フレイルを予防する方法はどのようなものがあるでしょうか。メディカルドック監修医がフレイルの予防法について解説します。
※この記事はメディカルドックにて『1mを何秒で歩けないと「フレイル」?寝たきりを防ぐ”診断基準”を医師が解説!』と題して公開した記事を再編集して配信している記事となります。

監修医師:
木村 香菜(医師)
名古屋大学医学部卒業。初期臨床研修修了後、大学病院や、がんセンターなどで放射線科一般・治療分野で勤務。その後、行政機関で、感染症対策等主査としても勤務。その際には、新型コロナウイルス感染症にも対応。現在は、主に健診クリニックで、人間ドックや健康診断の診察や説明、生活習慣指導を担当している。また放射線治療医として、がん治療にも携わっている。放射線治療専門医、日本医師会認定産業医。
フレイルとは?
高齢になると、「最近疲れやすい」「歩くのが遅くなった」「食事量が減った」など、加齢による変化を自覚する方が増えてきます。

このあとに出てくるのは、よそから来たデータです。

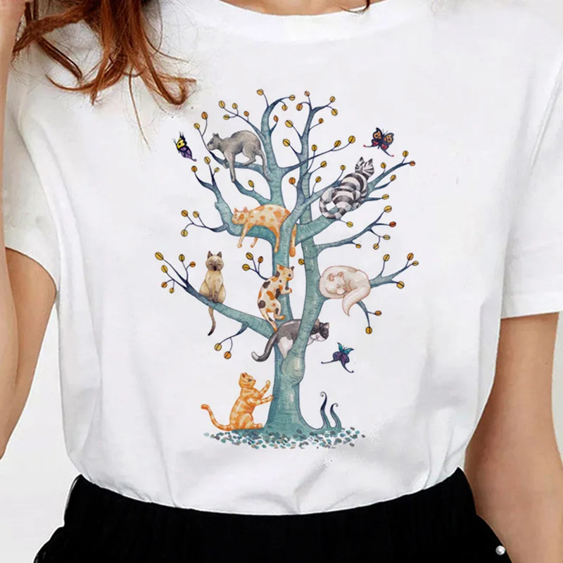 Женская забавная футболка kawaii cat в Корейском стиле ulzzang Футболка женская графическая Повседневная эстетичная футболка женский топ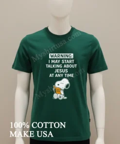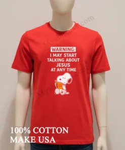 In today’s world, where faith-based conversations and humor merge, this tee is so relevant. Think online trends or family gatherings. It perfectly taps into that, making it a must-have for Christian fellowship or just sharing a smile. Finding your own Snoopy I May Start Talking About Jesus At Any Time Shirt is a breeze, whether you’re searching for ‘Snoopy Jesus shirt,’ ‘Christian humor tee,’ or ‘faith statement apparel.’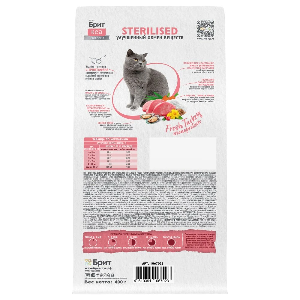 —Брит КЕА сухой корм д/стер кош с индейкой 0.4кг.STERILISED METABOLIC MONOPROTEIN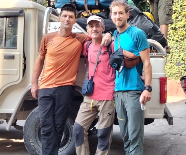 Juan Vallejo, Mikel Zabalza e Iker Madoz insieme all’autista locale, prima di partire da Kathmandu. Fonte: Diario de Navarra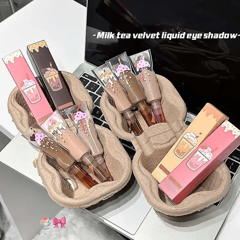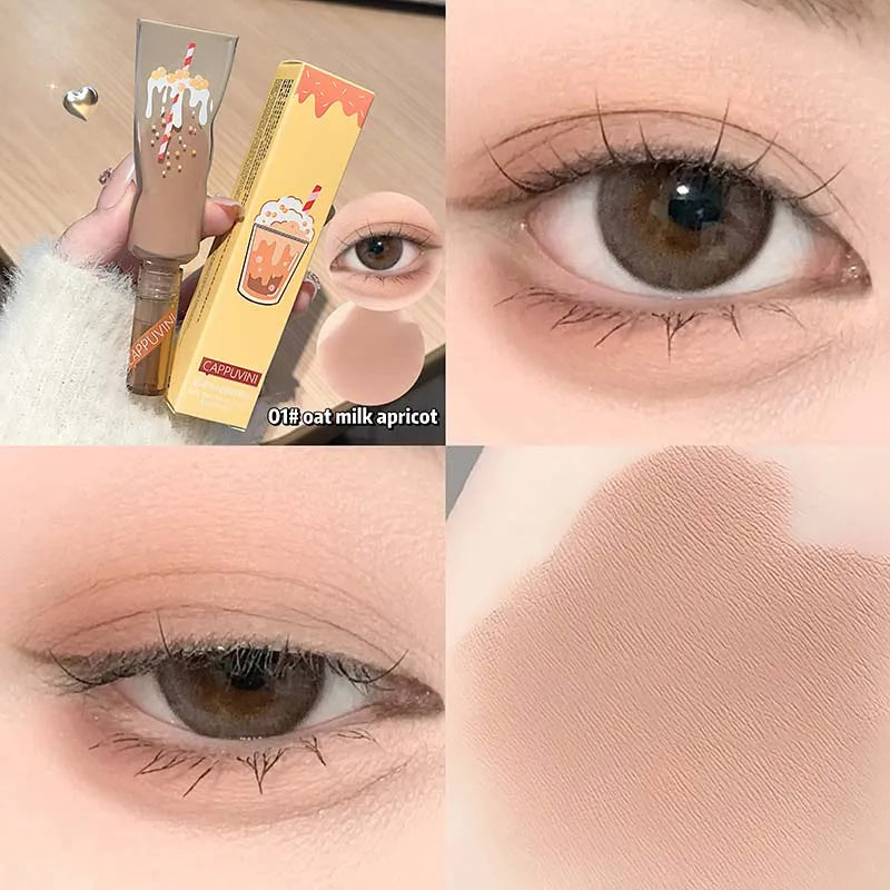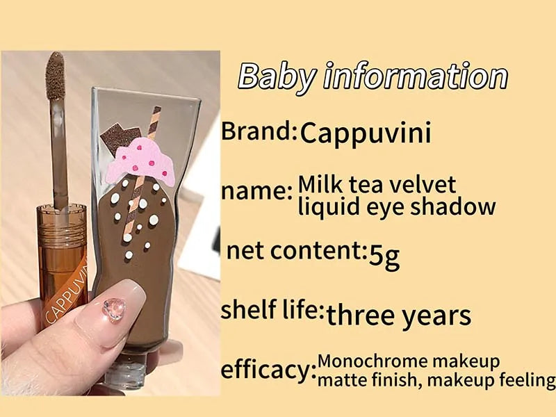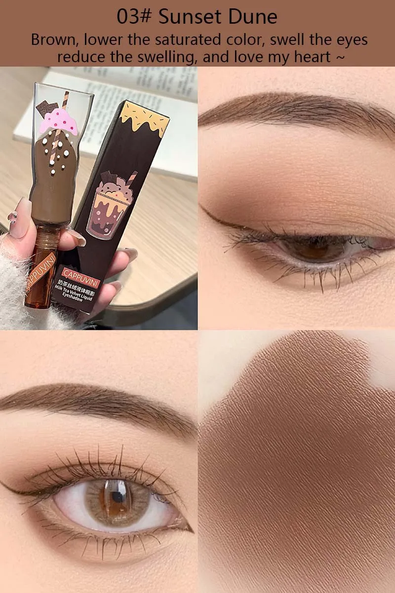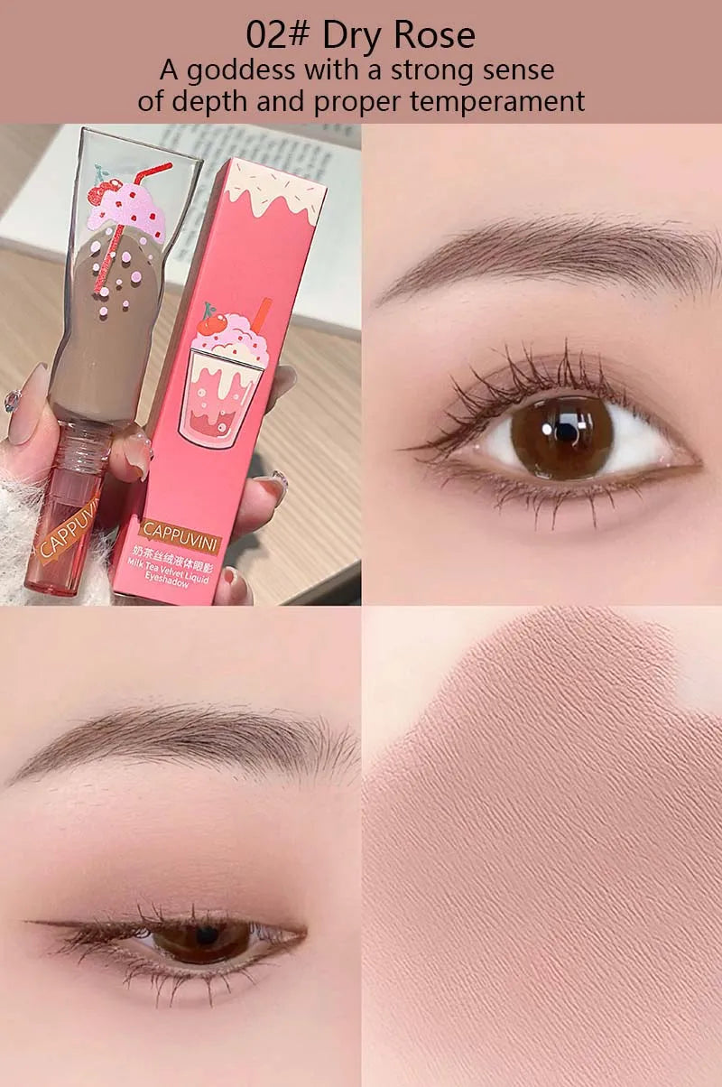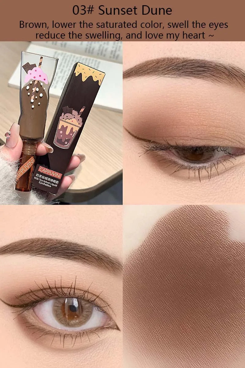 Föreställ dig att varje gång du sveper på skuggan fångas känslan av en lugn fikastund med mjölktea – enkel, söt och lite lyxig. En liten detalj som ger ögonen både värme och glow, utan att överdriva.
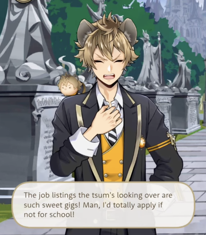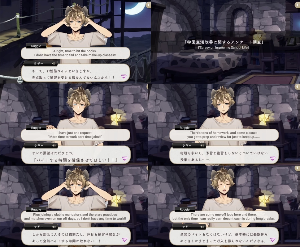 On a survey for improving life at school Ruggie writes that he wants students to have more time to work part-time jobs, as he can only make proper money during long breaks due to clubs being mandatory, plus homework and classes.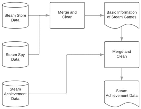 There are 57,155 pieces of Steam games store information and 23,774 Steam global achievement data were extracted, but, since the data still contain incomplete or missing information, data cleaning is necessary. A Python script was utilized in the data processing and merging, depicted in Figure 3. The figure showed the overview of the steps involved in pre-processing the data before in-depth analysis, which is explained as follows: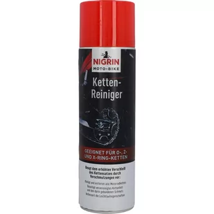 NIGRIN MOTO-BIKE preparat do czyszczenia łańcuchów skutecznie usuwa zabrudzenia i chroni mechanizm przed korozją i zużyciem. Preparat MOTO-BIKE służy pielęgnacji łańcuchów typu o-ring, z-ring oraz x-ring. Myje, czyści, odtłuszcza, zapewnia prawidłową pracę mechanizmu, chroni przed zbyt szybkim zużyciem. Preparat łatwo się aplikuje, dociera do trudno dostępnych miejsc. To niezbędny środek pielęgnacyjny dla każdego motocyklisty.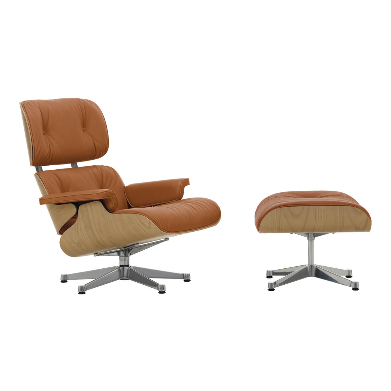 EAMES LOUNGE & OTTOMAN Cuir Premium cognac / Châtaignier naturel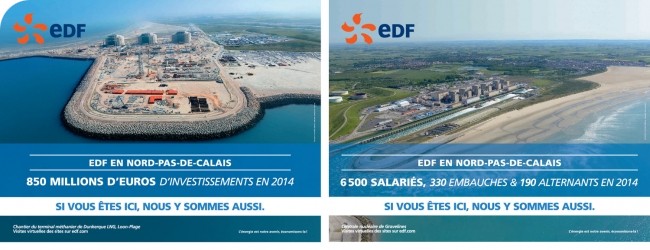 Le Dunkerquois, terre de toutes les énergies est à l’honneur sur les 2 visuels puisque le terminal méthanier de Dunkerque illustre le visuel « investissement » tandis que le CNPE de Gravelines vient illustrer l’affiche « emplois ».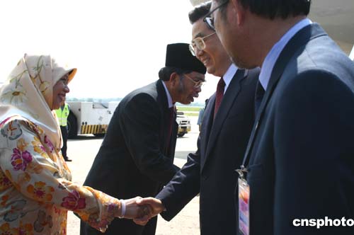 中新網(wǎng)4月20日電(記者 李靜)中國國家主席胡錦濤乘專機抵達文萊,文萊王儲夫婦到機場迎接。

こうした変化が重なった状態を「フレイル」と呼び、要介護状態へ移行する前段階として近年注目されています。フレイルは早期に気づき、適切に対処することで進行を防ぐことが可能です。
フレイルの定義
フレイルとは、加齢に伴って筋力や活動量、認知機能、社会的つながりなどが低下し、心身の回復力(予備力)が弱くなった状態を指します。病気ではありませんが、放置すると転倒や骨折、入院、要介護につながるリスクが高まるため、早期発見と予防が重要です。
フレイル・サルコペニア・老年症候群の違いは?
フレイルは「心身・社会面を含めた総合的な虚弱状態」を指します。一方、サルコペニアは「筋肉量や筋力の低下」に特化した概念です。老年症候群は、転倒や認知機能低下、尿失禁など、高齢者に多くみられる症状の総称であり、フレイルやサルコペニアはいずれも老年症候群の一部と考えられます。
「フレイル」を予防するには?
フレイル予防の基本は、運動・栄養・社会参加の3つをバランスよく保つことです。ウォーキングや筋力トレーニングを無理のない範囲で継続し、たんぱく質を意識した食事を心がけましょう。十分な睡眠と、ストレスをため込まない生活も重要です。人との交流や趣味活動を続けることは、身体機能だけでなく認知機能の維持にも役立ちます。